Gli ultimi rumour su autostrade e dintorni ieri sono stati accolti con favore dagli investitori che hanno regalato ad Atlantia una bella giornata di borsa. Il rialzo ha sfiorato il 4% nonostante l’ennesima “disavventura legale” con gli uffici di alcune controllate perquisiti dalla Guardia di finanza per un nuovo filone dell’inchiesta scaturita dal crollo del ponte Morandi; questa volta le indagini si concentrano sulle barriere fonoassorbenti e sulla loro sicurezza. Uno sviluppo che arriva nello stesso in giorno in cui il rumour di un accordo che vedrebbe Cdp entrare nel capitale di Atlantia, o forse della controllata Autostrade per l’Italia, è stato rilanciato da Milano Finanza. È un’ipotesi di cui si è già parlato e che evidentemente “entusiasma” gli investitori.



Nessuno ha fatto ipotesi di prezzo o di quote, ma un accordo di questo tipo con lo Stato che entra direttamente o indirettamente nel capitale del concessionario farebbe venire meno qualsiasi incertezza regolamentare. È difficile che il Governo vada a penalizzare un proprio investimento ed è forse più difficile che una controversia legale di qualsiasi tipo diventi una battaglia cruenta senza esclusione di colpi. L’entrata di Cdp nel capitale del concessionario significa, per le menti semplici degli investitori, che la querelle è più o meno finita, che le ipotesi più penalizzanti non sono più sul tavolo, che il quadro rimane quello che conosciamo e forse che c’è un’assicurazione sulla vita per il tempo, tanto, che manca alla fine della concessione. Dopo le indagini degli ultimi mesi questa soluzione probabilmente starebbe bene anche al concessionario. Il rischio di perdere tutto vale sicuramente la perdita certa di un pezzo.

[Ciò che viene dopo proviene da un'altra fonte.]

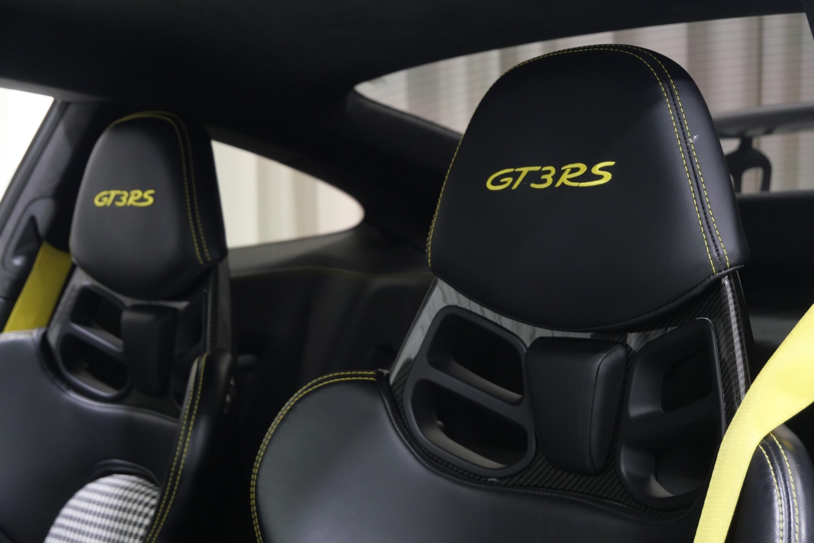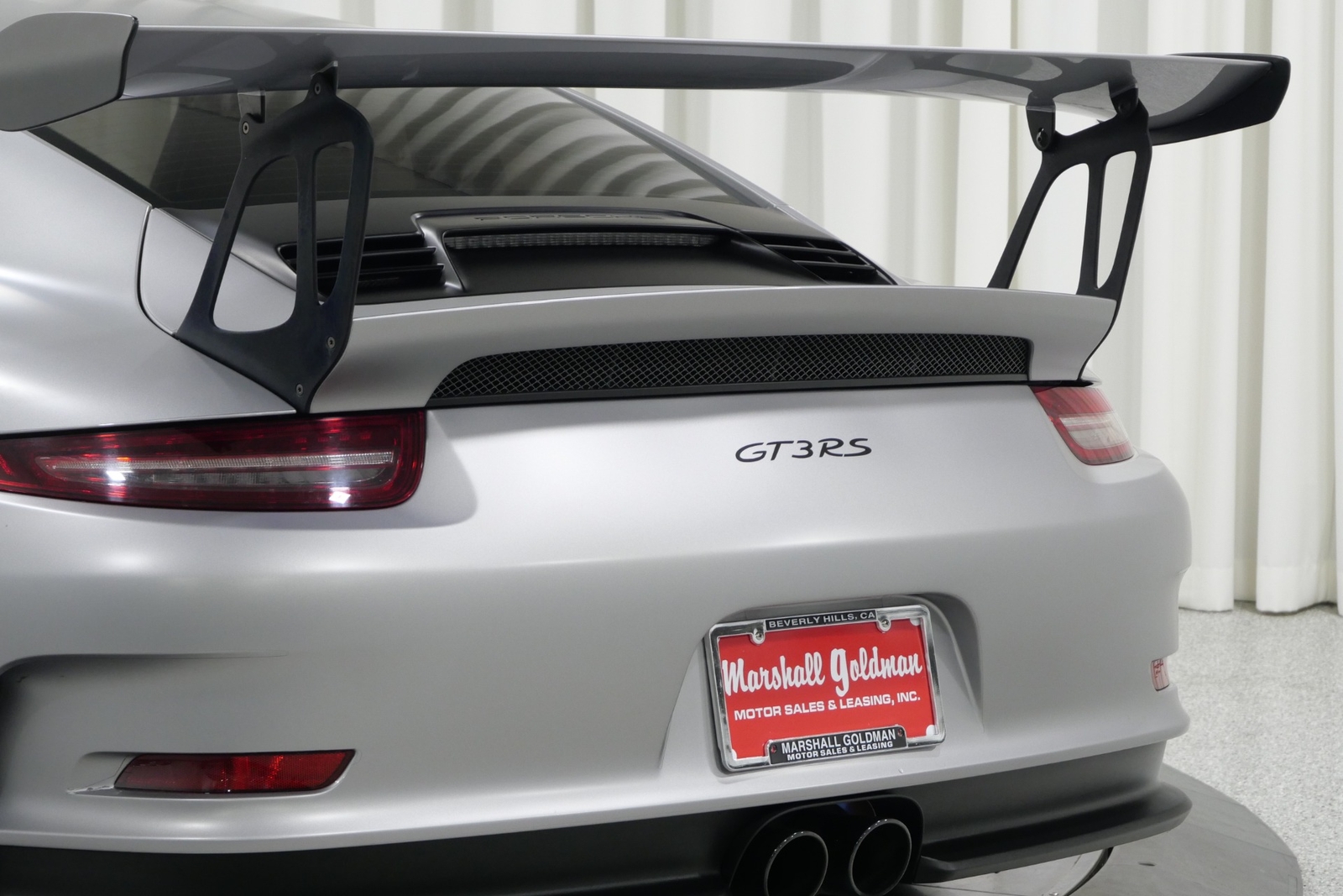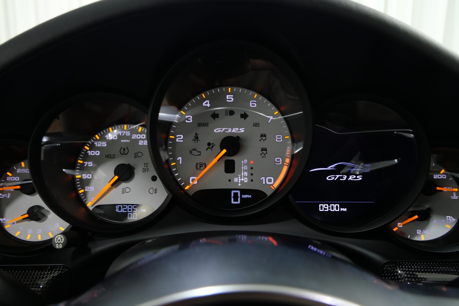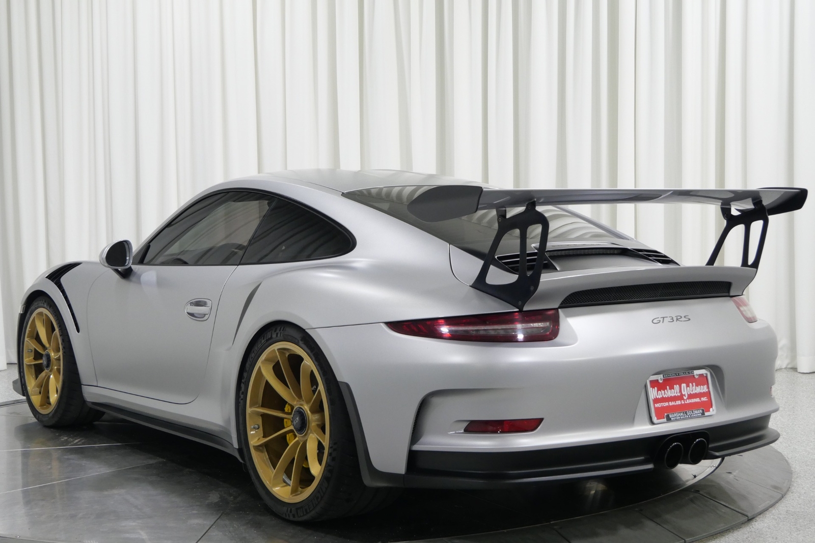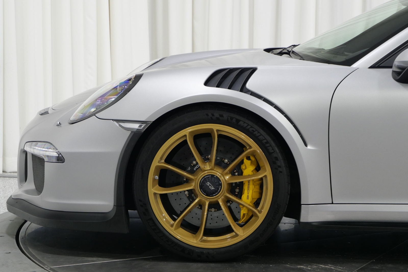 We have just added to our extensive exotic car inventory a beautiful 2016 Porsche 911 GT3 RS in GT Silver over Black and GT Silver interior and only 10,285 miles. This GT3 RS is loaded with: 4.0 Liter H6, PDK transmission, 20/21 inch centerlock wheels in gold, carbon ceramic brakes, front axle lift, LED headlamps in black with dynamic lighting, headlight washers in exterior color, carbon fiber racing seats with pepita cloth seat inserts, deviated stitching package in yellow (steering wheel, seats and headrests, dash, door panels, rear side panels, rear seat delete area, armrests, door handles, more), sound package plus, fire extinguisher, Sport Chrono package with track precision app, Sport Chrono face in white, instrument dials in white, Porsche PCM with navigation, center console lid with embossed Porsche crest, seat belts in Speed Yellow, floor mats, Alcantara steering wheel with yellow 12 0'clock marker, auto dimming mirrors with rain sensor, alu look fuel cap, pedals and footrest in aluminum, illuminated door sills in carbon fiber, extended range fuel tank and much more. The entire vehicle is protected with a matte clear wrap.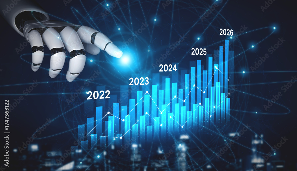 AI-generated image showing data-driven projection of business performance trends across five years using charts and analytics for strategic planning and decision making Vouch #1747363122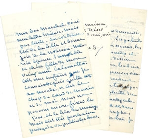 Maurice..9 mars. « Voilà le papier demandé, cher gros ami. Les portraits pâles sont bien venus, les foncés sont alourdis et nuisent à votre dessin autant qu’à ma bobine. Tâchez que les épreuves viennent moins, et rendent par conséquent la transparence et la simplicité du travail. Recommandez cela dans votre intérêt et dans celui du photographe, si la chose dépend de lui. […] Manceau m’a grondé de vous avoir grondé. Moi je sais que sa gronderie était affectueuse et rien de plus. Ce n’est pas un dessin qu’il veut, c’est que vous l’aimiez et que vous ne doutiez pas de son désir de vous obliger en toute circonstance.[…] Je travaille, je vous aime et je vous embrasse »….[Paris 28 mars]. « Samedi soir à la maison, hein ? Mon petit trésor y viendra-t-il ? Oui, oui, ohé ! – rue Racine 3 »..Nohant 2 mai : « voici une lettre sérieuse, mais pas triste. Au contraire, c’est de la belle et bonne joie à la maison. Maurice épouse l’aimable et chère fille de mon vieux ami Calamatta. C’est une enfant que je connais depuis qu’elle est au monde, et c’est le choix du cœur de Maurice et de moi. Nous ne pouvons encore fixer le jour, et le lieu du mariage. Mais c’est très prochain puisqu’on va publier les bans. Arrangez donc votre travail pour venir bientôt travailler ici. Vous savez que nous en serons tous heureux »....Correspondance, t. XVI, nos 9437 et 9470, et t. XVII, n° 9537.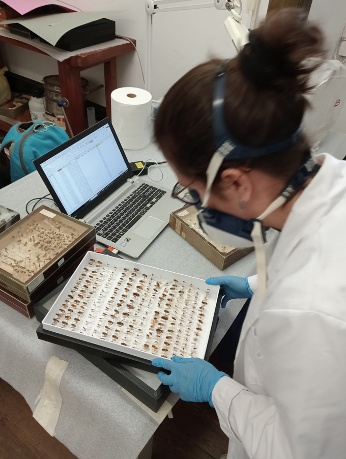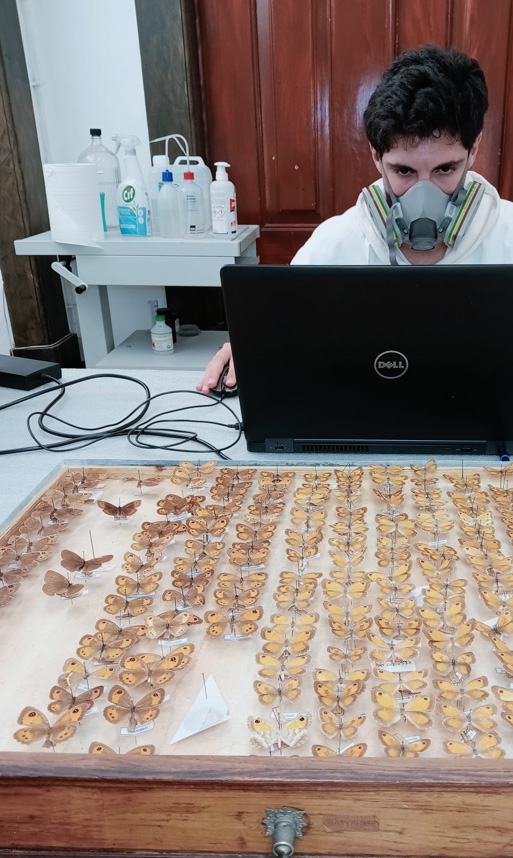 Em relação às borboletas foram já inventariados mais de 3000 espécimes e quase todos identificados até à espécie com a ajuda dos especialistas Eduardo Marabuto e Tatiana Moreira. Ficando a faltar cerca de 1500 borboletas que pretendemos inventariar até ao final deste mês. A “Coleção Nacional” foi indexada, na sua maioria, pela curadora da Zoologia, Cristina Rufino e por um voluntário, Daniel Ribeiro, as coleções “Rosário Pires” de 1980’s e “Pedagógica”, exemplares coletados entre 1987 e 1990 fizeram parte do plano de trabalho de 2 estágios de verão em 2024, do Diogo Vital da Universidade de Aveiro e da Catarina Moniz da Universidade de Coimbra. E, finalmente a coleção do “Colégio de S. Fiel – Cândido de Azevedo Mendes e Joaquim da Silva Tavares”, que está a ser inventariada pela curadora da Zoologia e alunos de Biologia: Ana Costa, Lara Ribeiro, Daniel Laranjeira, Inês Carvalho e Maria Silva. Esta coleção contém, também, exemplares de outros coletores como: Manuel Paulino de Oliveira, Duquesa de Palmela, António Augusto Carvalho Monteiro, Wenceslau de Sousa Pereira Lima, do final do séc. XIX e Anthero Frederico de Seabra, Ernest Matthes, João Miguel Ladeiro, António Paulo, Armando Alves dos Santos, Eusébio Tamagnini, D. F. Noronha, até meados do século XX.

Stilisticamente però non è una soluzione bellissima. Avere il controllore, lo Stato in una sua forma seppur indiretta, nell’azionariato di uno specifico controllato, uno dei tanti concessionari pubblici, non è il massimo della vita. Bisognerebbe poi chiedersi quale sia il modello, tra i tanti possibili, che il Governo italiano vuole adottare. Lo Stato monopolista è un’ipotesi che non viene considerata, ma anche il modello che è stato seguito negli ultimi 20 anni non ha dato risultati brillantissimi; i rendimenti garantiti sono stati molto elevati anche in fasi molto difficili dell’economia nazionale e si nutrono dubbi sia sulla sicurezza della rete, sia, soprattutto, sulla sua adeguatezza rispetto alle esigenze attuali. Pagare rendimenti a due cifre per mantenere l’esistente, oltretutto senza rischi, è un obiettivo minimo che potrebbe essere migliorato.

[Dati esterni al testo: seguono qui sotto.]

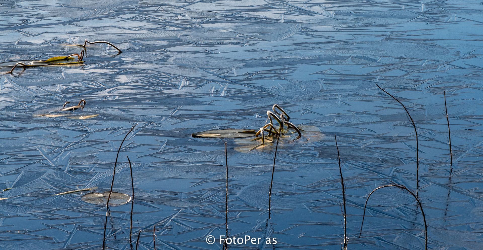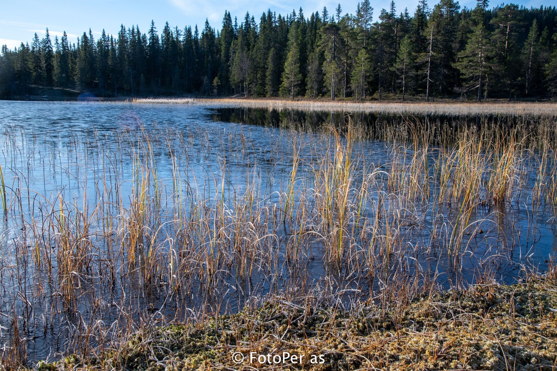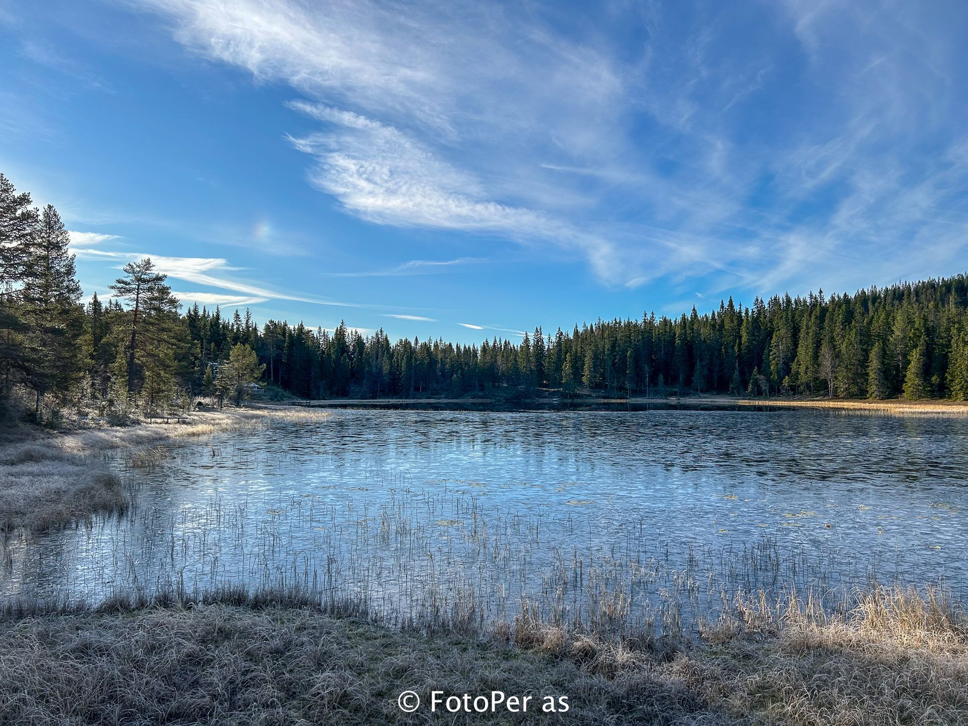 Mange vintre har jeg erfart at isen legger seg tidlig på Kolltjern. Slik er det i år også. Det er ikke is på hele tjernet, og selvsagt kan jeg ikke gå på den enda. Men det er fint å se på.

La soluzione prospettata ieri ha il pregio di chiudere la vicenda in tempi brevi con minimi “danni collaterali”, ma sembra decisamente una scorciatoia con cui non si affrontano i problemi veri: sia quelli che hanno portato al crollo del ponte e forse ad altre “mancanze”, sia quelli di un rapporto tra concedente, lo Stato, e concessionario che è stato molto sbilanciato. Si chiude la vicenda passata e in un certo senso si chiudono anche quelle future mettendo un azionista “di peso” nell’azionariato del concessionario che in qualche modo fa da scudo per mille possibili inconvenienti. La cornice, la concessione e tutto il resto rimangono identici.

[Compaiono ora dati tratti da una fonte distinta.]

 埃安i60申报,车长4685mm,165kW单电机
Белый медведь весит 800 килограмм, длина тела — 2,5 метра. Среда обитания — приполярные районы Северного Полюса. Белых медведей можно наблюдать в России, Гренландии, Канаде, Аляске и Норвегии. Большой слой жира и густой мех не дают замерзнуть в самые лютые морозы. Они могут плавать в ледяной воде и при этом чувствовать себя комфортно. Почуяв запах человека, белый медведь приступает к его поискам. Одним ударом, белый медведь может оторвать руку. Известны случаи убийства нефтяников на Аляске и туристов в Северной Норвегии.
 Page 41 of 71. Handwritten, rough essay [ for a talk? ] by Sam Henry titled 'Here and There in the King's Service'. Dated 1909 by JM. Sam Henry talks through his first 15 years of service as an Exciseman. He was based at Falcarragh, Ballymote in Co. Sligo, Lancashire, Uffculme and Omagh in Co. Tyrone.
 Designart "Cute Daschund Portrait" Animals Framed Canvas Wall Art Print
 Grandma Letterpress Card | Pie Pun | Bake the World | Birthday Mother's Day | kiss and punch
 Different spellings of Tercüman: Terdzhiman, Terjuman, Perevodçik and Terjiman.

La questione è palesemente di politica industriale in senso lato. Sulle autostrade passano merci, turisti e pendolari e l’infrastruttura è stata costruita e pensata per un traffico molto inferiore e per macchine molto più piccole. Siccome sulle autostrade italiane si raccolgono molti miliardi di pedaggi all’anno, sostanzialmente tasse, bisognerebbe chiedersi per fare cosa e con che remunerazione massima per chi gestisce un monopolio. In Svizzera con qualche decina di franchi si gira tutto l’anno; sono scelte di politica industriale e fiscale.